The reciprocal suppression that was documented between
M. maydis and
M. phaseolina species in this study raises the importance of inspecting the effectiveness of preventing treatments while considering the pathogen specialization and the circumstances under which several pathogens are involved. To emphasize this, in spring 2018, a commercial field (Neot Mordechai field, Hula Valley, Upper Galilee, northern Israel) was planted with the sensitive maize cultivar Prelude cv. This field had a long history of late wilt incidences [
5] and was therefore protected by a recently developed and highly effective chemical method [
6]. Despite the use of the potent commercial mixture of Azoxystrobin and Difenoconazole (Syngenta, Basel, Switzerland), at the end of the season, only meager yields were achieved. The yield reduction was most probably the consequence of another fungal disease caused by
F. verticillioides and
F. oxysporum, which led to dehydration and yield loss (Ofir Degani et al., unpublished results). These Fusarium species are indeed universal and important vascular wilt disease-causing fungal pathogens [
46]. To support this conclusion, in other plants in that field that were not affected by the
Fusarium spp. disease, the chemical treatment almost wholly abolished any sign of late wilt disease.

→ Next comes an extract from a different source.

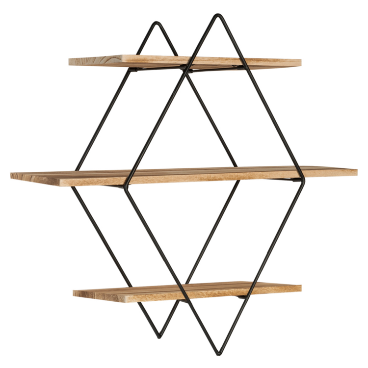 Etagère murale losange LILY 3 niveaux bois et métal design industriel

It has now become evident that optimal water supply can reduce late wilt disease in maize. Indeed, our past experience [
6,
30,
33] and a review of the literature support the conclusion that high water potential is one of the most important agrotechnical aims for restricting late wilt disease progression [
17,
47,
48,
49]. The results presented in the current study are in line with this conclusion, with nearly 10 times higher
M. maydis DNA in drought-stressed maize sprouts (37 DAS,
Figure 2). Interestingly, drought pressure also caused about three times higher
M.
phaseolina DNA in young maize plants, but both pathogens did not flourish under a restricted water regime in cotton (
Figure 6) compared to regular irrigation conditions. A possible explanation is that the applied restricted water regime did not produce drought pressure as expected. Indeed the cotton plants in the decrease water irrigation pots were healthy and had an apparent healthy development.